Google Shows Campaign Financing Info Whenever You Search For a Candidate Now. Is This a Good Thing?

An example of Google’s new campaign finance infoboxes.

google.com

It’s long been relatively easy to find financial data about political campaigns online, but that information just got harder to ignore. As Mic noted Tuesday morning, when you search for the names of candidates on Google, you now see infoboxes that include basic stats about how they have funded their presidential bids. Though these charts convey only a fraction of the available data, they’re an interesting entry point into the ongoing national conversation about campaign financing.

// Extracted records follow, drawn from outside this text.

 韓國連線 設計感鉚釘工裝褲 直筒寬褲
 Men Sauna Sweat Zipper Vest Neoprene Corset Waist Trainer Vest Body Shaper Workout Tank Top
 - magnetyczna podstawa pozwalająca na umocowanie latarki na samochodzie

In an official blog post, the Google Search team explains that it developed this new feature in collaboration with the Center for Responsive Politics, a nonpartisan organization that shares its extensive research into campaign finance on the site OpenSecrets.org. Google had already incorporated other electoral info into search results, including the candidates’ stances on issues and the results of primaries.

For now, at least, the sidebar financial displays are relatively minimal, showing how much a candidate has raised—and what percentage of that total comes from “Super PACs and other groups.” These charts are refreshingly easy to understand at a glance. It’s striking, for example to see that fully 99.97% of Bernie Sanders’ funding comes from donations.

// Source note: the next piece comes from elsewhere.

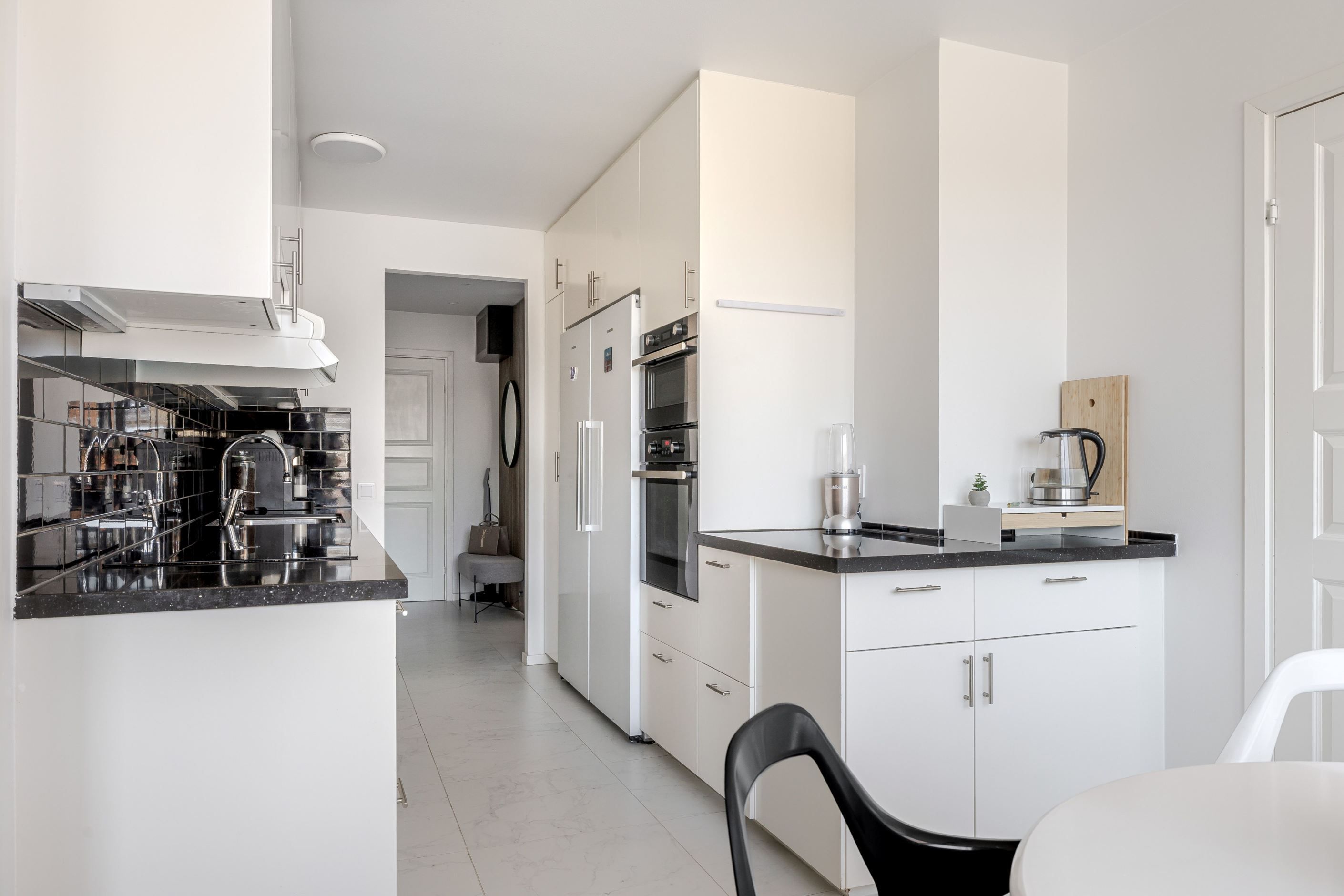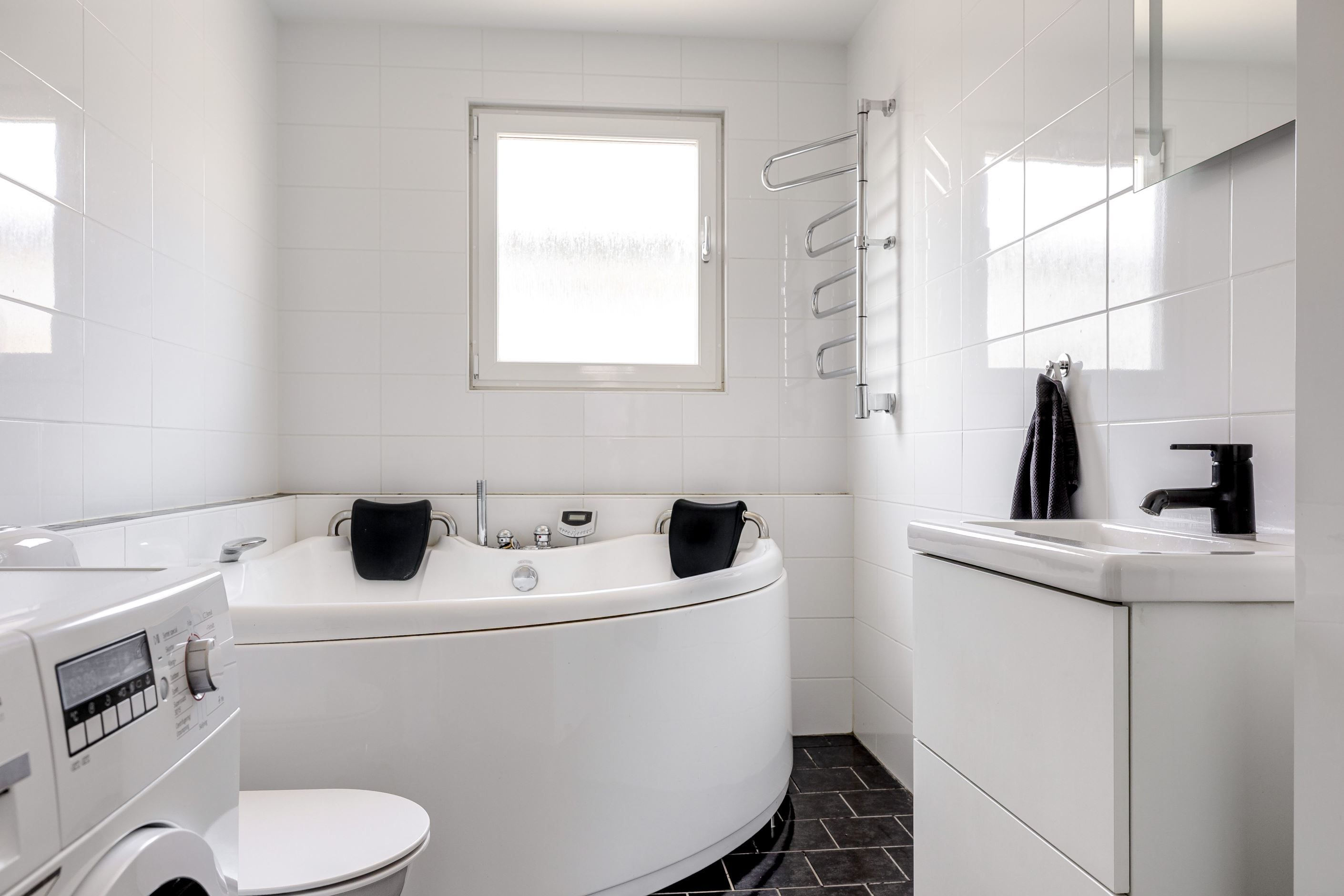 Bostaden har ett rymligt och inbjudande kök med gott om arbetsytor och bra förvaring. Vid det stora fönstret finns en naturlig plats för matbordet som skapar en trevlig matplats med fint ljusinsläpp. Badrummet är stilrent helkaklat och utrustat med tvättmaskin och bubbelbadkar. Utöver detta finns även en separat helkaklad gästtoalett som renoverades stilfullt under 2022.
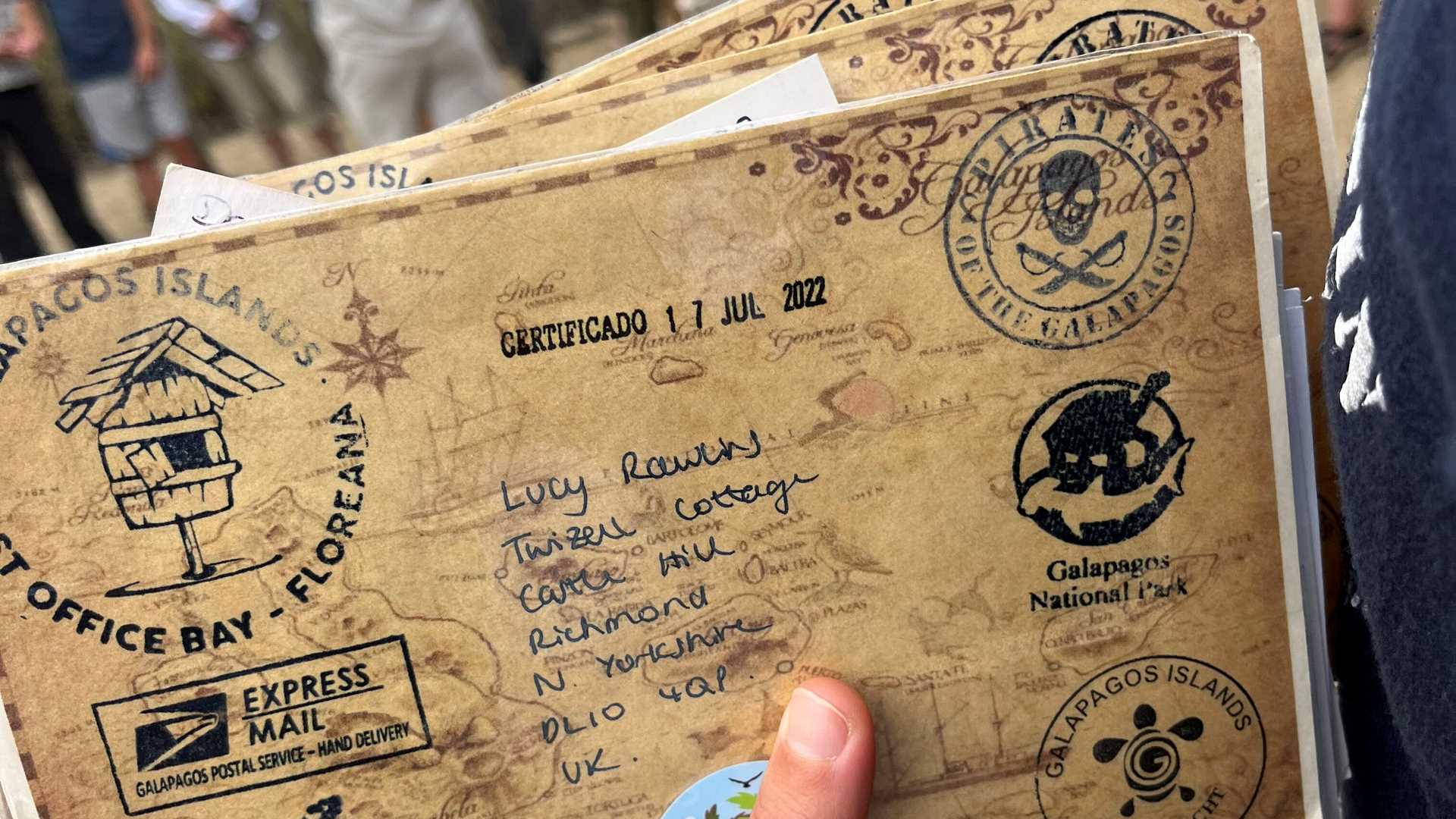 After lunch, our young explorers met in the library to make handmade postcards to be delivered at the traditional Post Office Bay later in the afternoon. Afterwards, we enjoyed so many activities, including kayaking, paddleboarding, and Zodiac rides. We spotted marine iguanas, sea lions, sea turtles, blue-footed boobies, and even some spotted eagle rays. We also visited the post office barrel, an important historical site on the islands. In the past, pirates and whalers used to leave their own letters and pick up other visitors’ letters to hand deliver back home. We kept the tradition alive today, and several guests picked up letters to deliver back home.

In its simplicity, this feature can also be deceptive, since it doesn’t separate out self-financing—which makes it harder to immediately parse the financials of Donald Trump, for example—or otherwise break down its two primary categories. While a slightly more expansive accounting is available via a “More campaign finance button,” Google itself still offers only a snapshot of the larger picture. More complete figures are, of course, available via Open Secrets, to which Google links in the infoboxes.

In its blog post, the search team claims that it wants to help users find “unbiased, objective election information.” Here, it’s worth noting that the company’s infoboxes haven’t always been entirely reliable in that respect. As Mark Graham has shown in Slate, because of the ways the company automatically generates information, its default results sometimes inadvertently incorporate political and cultural assumptions. For example, Graham writes, “A search for Abu Musa lists it as an Iranian island in the Persian Gulf. This stands in stark contrast to an Arab view that the island belongs to the United Arab Emirates and that it is instead in the Arabian Gulf.”

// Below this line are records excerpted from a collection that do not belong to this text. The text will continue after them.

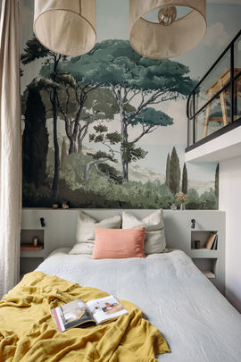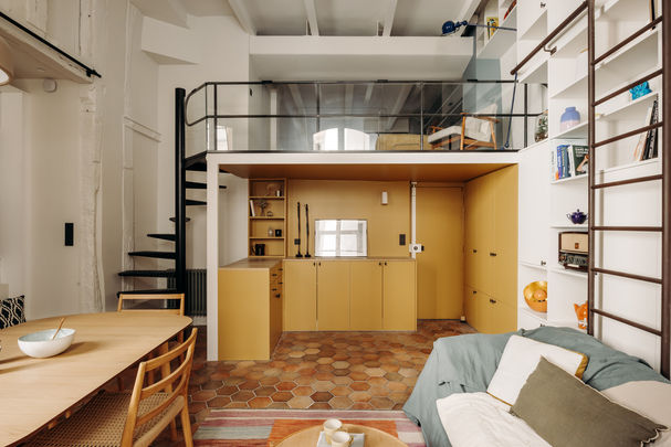 Cet appartement de 77m2, situé dans la cour d'un hôtel particulier, présente une configuration atypique en "pont", issue de la réunion de deux anciens appartements. Son organisation singulière, avec mezzanine et circulations en demi-niveaux, en fait un lieu unique et plein de caractère.
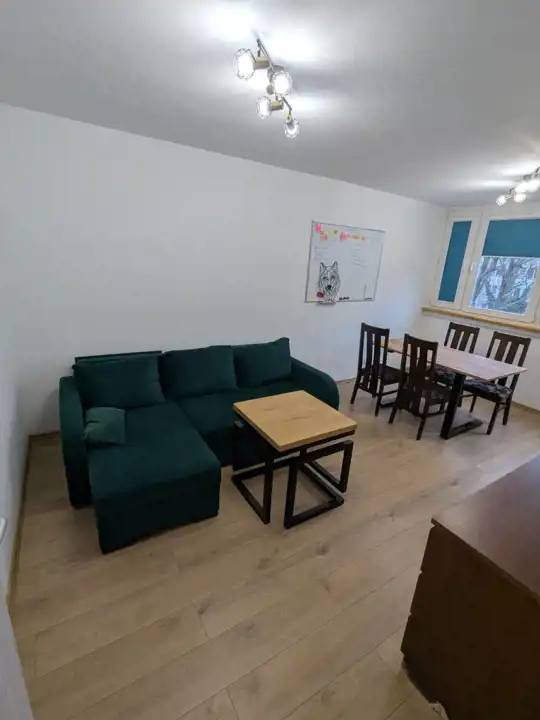 Wnętrze jest urządzone w nowoczesnym stylu, bardzo wygodne i przytulne. W sypialni lóżko ma nowy materac ortopedyczny. Mieszkanie jest jasne, a okolica cicha i zielona – w pobliżu drzewka, brak miejskiego hałasu, bezproblemowe parkowanie.
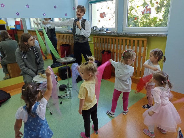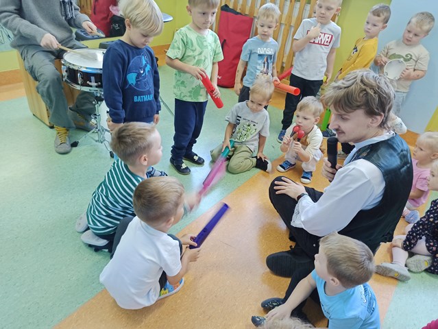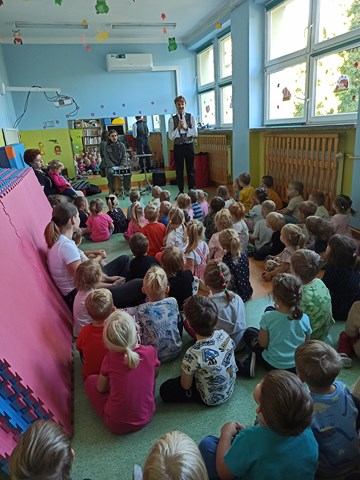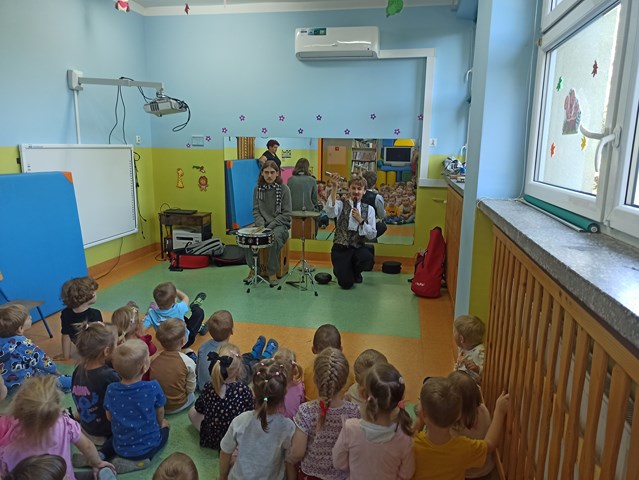 29.09.2025 roku "Bratki" brały czynny udział w Koncercie edukacyjnym pt."Rok zaczynamy z rytmem" w wykonaniu Akademii Bachmana. Zajęcia mają formę cykliczną, odbywają się raz w miesiącu. Spotkania są idealnym uzupełnieniem przedszkolnej edukacji muzycznej. Podczas koncertu dzieci poznały instrumenty perkusyjne i ich brzmienie: Bum Bum rurki, perkusję, marakasy. Zajęcia prowadzone są przez prelegenta Bachmana w zabawny sposób.
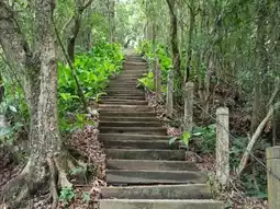Located in the mountainous areas of Nanhua and Nanxi in Tainan, there are many forest trails for hiking. This time, we are taking the 'Yuding Trail,' situated in Beiliao Village of Nanhua. The trail stretches 1.6 kilometers from the Tianyan Temple at the foot of the mountain to the ridge, with approximately 1,470 steps. The entire trail is mostly paved with stone steps and wooden boardwalks, making it quite a leg workout and guaranteed to make you sweat!
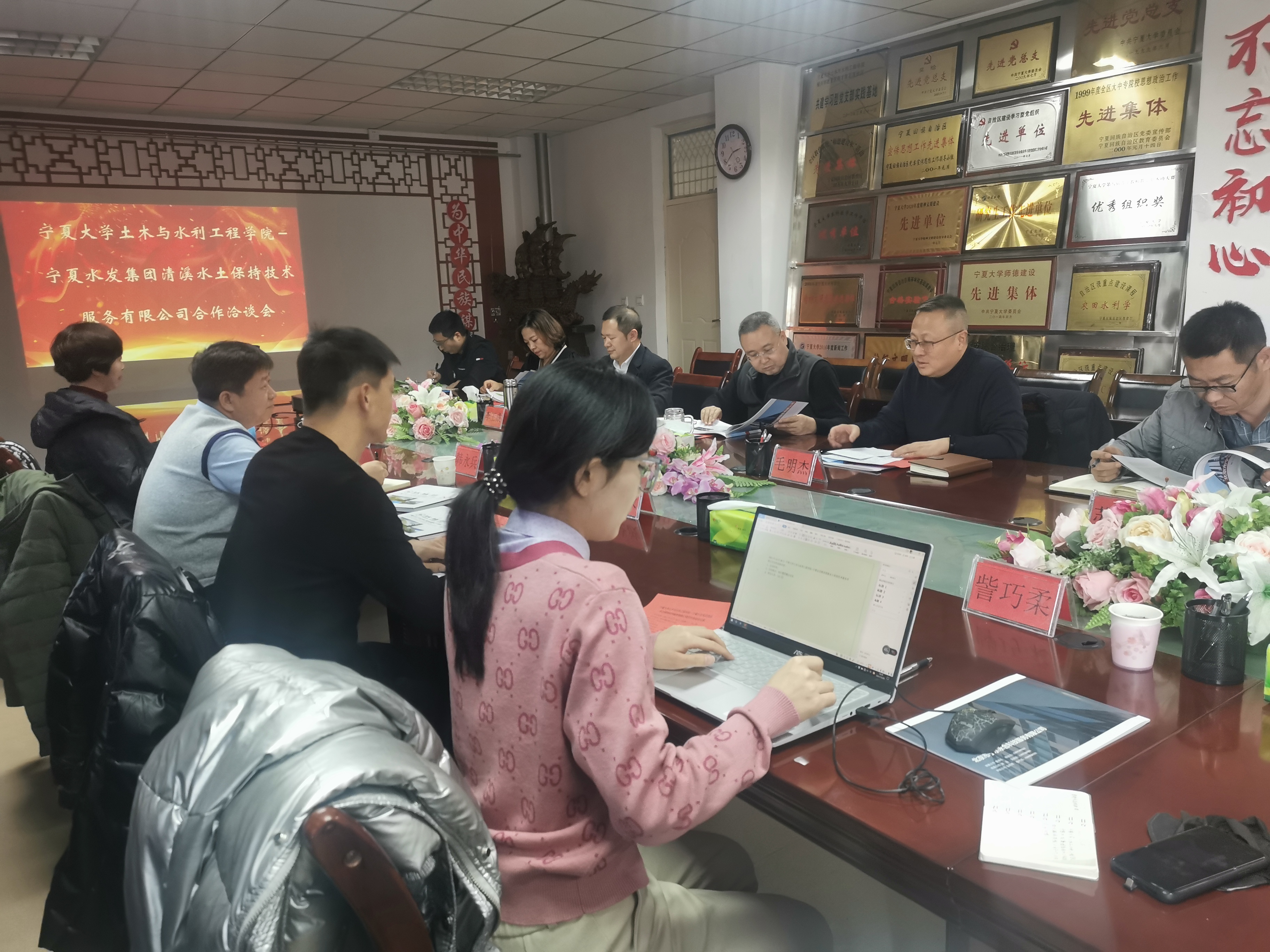 吴晓波副总经理介绍了宁夏水发集团为宁夏国有资本运营集团有限责任公司全资子公司,是宁夏首家水管体制改革市场化运营服务试点企业。宁夏清溪水土保持技术服务有限公司于2001年2月12日经申请注册成立,主营业务为水保方案编制;水保监理及监测技术服务;水保设施验收报告编制及咨询服务等;涉及了水利、电力、交通运输、煤炭、化工等多个行业领域。公司内设5个部门、一个子公司—宁水永合科技有限公司。双方在水土保持技术服务与科研方面有着很大的合作空间,大力推进校企合作战略,将进一步促进该公司产业基础的升级、加快人力资源结构的调整。希望通过双方的共同努力,优势互补、产研学结合,充分展开各种合作,把合作推向新的高度,达到双方互利共赢。

Google’s choices about what to show in its presidential candidate search results are sometimes puzzling. When I searched for John Kasich, the “On the issues” box offered a simplified take of his “Economy and jobs” stance by way of a brief quotation from the Keene Sentinel. In the same spot on Donald Trump’s page, however, I got a synopsis of the businessman’s positions on immigration, here by way of an excerpt from the Hill. Why these issues for these candidates from these sources? There’s no easily available way to tell.

Graham has written that Google is often opaque about where it’s pulling its information from. Among other things, this can create the illusion of definite facts, even when none are available. In that regard, at least, it’s great that the company’s algorithm is citing its sources here. Nevertheless, it’s still not clear why it’s displaying what it’s displaying, a situation that threatens to actually create informational asymmetries about candidates where none would have existed otherwise.

The data may, however, be somewhat more reliable where candidates’ fundraising is concerned. Because it’s drawing all of that information from the Center for Responsive Politics, there’s no question of its provenance. And because Google is showing the same type of information for each candidate, it’s easy to compare them. What’s more, campaign finances—unlike, say, the ownership of contested islands—are relatively easy to grasp in objective terms, which makes them a good fit for the Google’s infobox format.

There is, however, another more pressing question about the usefulness of this new feature. It primarily works when you search for a candidate’s name, with no other terms attached. The system is smart enough that it will present financials if a user looks for, say, “Donald Trump money,” but won’t offer it if they go looking for something like “Donald Trump twitter.” This means that only those looking for the broadest possible information will encounter the company’s search boxes, unless they’re after the very thing those boxes show. Nevertheless, it still promises that some potential voters will be more informed than they would be otherwise.